From: Antoine Isaac <aisaac@few.vu.nl>
Date: Tue, 8 Mar 2016 10:18:17 +0100
To: Andrea Perego <andrea.perego@jrc.ec.europa.eu>
CC: "public-dwbp-wg@w3.org" <public-dwbp-wg@w3.org>
Message-ID: <56DE98D9.5020004@few.vu.nl>
Hi Andrea,

And now for the hardest part.

On 1/11/16 9:00 AM, Andrea Perego wrote:
>> 3. We have discussed your suggestions of introducing "not evaluated" and
>> "not conformant" as you suggested. We are convinced that adding "not
>> conformant" would be very useful [5].
>> However, if we implement it, are you aware of a property and a value
>> (URI) to build such statement in RDF?
>
> None I'm aware of.
>
> About this, I think the issue here is about the ability not only to express whether data are conformant or not with a given (quality) standard, but also how the conformance test has been done, by whom, and when.
>
> Besides this being the approach used in ISO, this information is important for a number of reasons.
>
> One of them is that, in many cases, quality control is not something is done once, but needs to be carried out on a regular basis. This happens, e.g., for datasets that are regularly updated (dynamic data).
>
> Another one is about the ability to control and verify how the quality check has been carried out, for instance in order to be able to reproduce it. Providing all the information needed to "reproduce an experiment" is common practice in scientific publications, and the same principles can be applied to data. And here we are also talking about transparency.
>
> A final example is that, in some cases, the final conformance result may be related to conformance tests carried out against more than one criterion - i.e., the final conformance result is determined by the aggregation of multiple conformance tests, each concerning a specific criterion. An example is also provided in the EARL specification, that, in its examples, is referring to WCAG, where conformance depends on a set of criteria ("general techniques") to be checked.
>
>
> Based on that, I see two levels for the specification of data quality:
>
>
> 1. The former is about dataset filtering in the discovery phase, where I might just want to get the datasets conformant with a given (quality) standard. In such cases, properties expressing just whether data are conformant (dct:conformsTo) or not (??) can do the job.
>
>
> 2. The latter concerns two classes of actors:
>
> (a) Who is managing data.

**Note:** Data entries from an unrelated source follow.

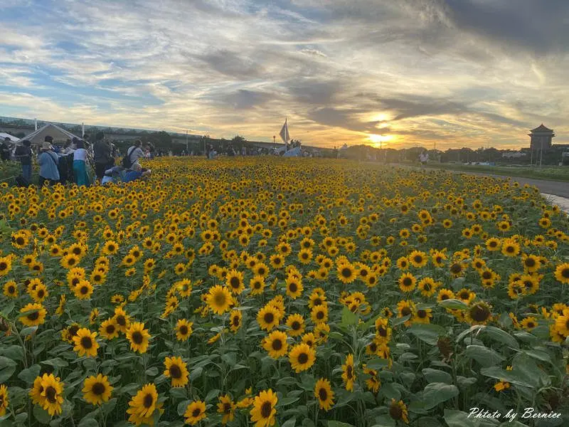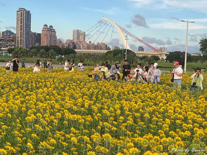 大佳河濱公園功能相當多,最熱門的就屬花海,今年以向日葵為主題且擴大範圍,原訂九月底綻放的花兒,現在有一小區域搶先綻放囉,目前約三成,這三成看起來不多,但實際到現場後,這三成的範圍也不小,熱情的花兒超吸睛
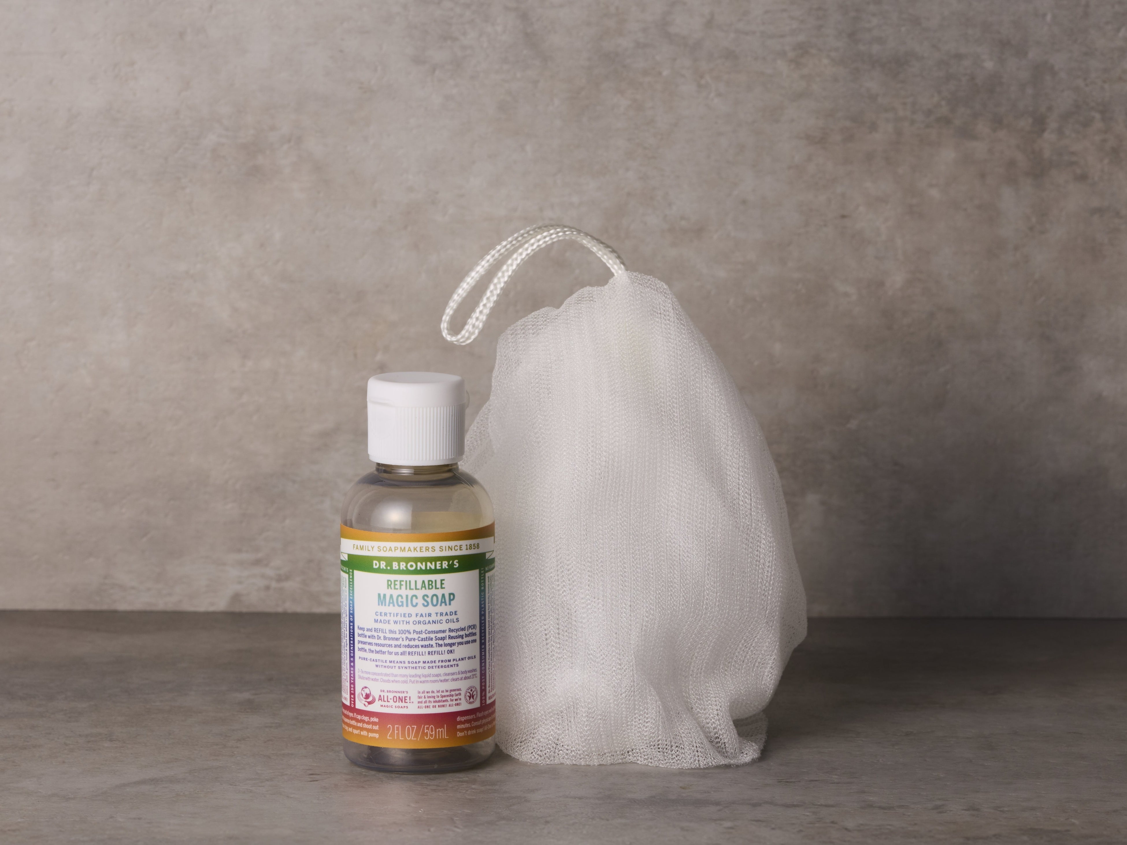 ドクターブロナー マジックソープ(数量限定セットを含む)、マジックソープバー、オーガニックシュガーソープを含む3,500円以上(税込)のご購入で、マジックソープ詰め替え用ボトル(59mLサイズ)ととうもろこし由来の洗顔用泡立てネットをプレゼントいたします。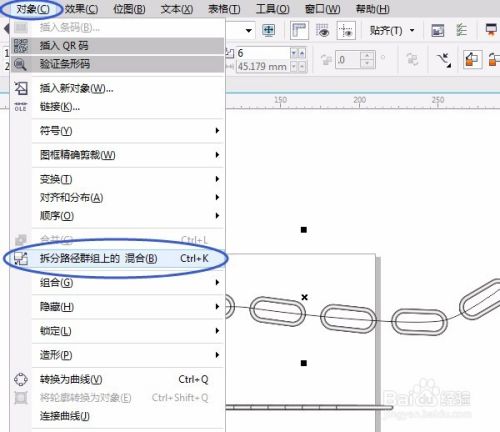 选定图形,单击“对象”菜单→拆分路径群组上的混合,选定路径,按Delete键删除,如图: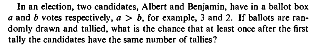 candidate $B$ gets $q=n-p (<p)$ votes. Show that the

This is about the ability to record the details of conformance tests and results, to use them in the data management workflow, and to expose to users the final results, possibly in an aggregated form (i.e., as in scenario #1).
>
> (b) Users who would like to contribute feedback/reviews on data quality. Note that such users can be also third-parties who are involved directly by data custodians for some reasons (e.g., this is the case of quality certificates, or peer-reviews of data).
>
> For these cases, EARL might be the appropriate tool in a SemWeb / LD context. Or, at least, EARL provides the vocabulary to specify the relevant information. This includes "outcome values" of test results that are not limited to conformant / not conformant (appropriate in scenario #1). Notably, EARL supports 5 possible outcome values (see http://www.w3.org/TR/EARL10-Schema/#OutcomeValue) - quoting:
>
> [[
> earl:passed
>    Passed - the subject passed the test.
> earl:failed
>    Failed - the subject failed the test.
> earl:cantTell
>    Cannot tell - it is unclear if the subject passed or failed the test.
> earl:inapplicable
>    Inapplicable - the test is not applicable to the subject.
> earl:untested
>    Untested - the test has not been carried out.
> ]]
>
> In this scenario, also values like "not evaluated" (earl:untested) are relevant, since they can be used internally to plan the quality checks.
>
>
> Based on what I see, DQV addresses all these users' scenarios, but it's unclear to me if it is able to encode conformance test results with the level of detail described above.
>


I'm tempted to start discussing in depth these matters, but I'm afraid I've got more general questions before - especially now that some time has passed and new things appeared.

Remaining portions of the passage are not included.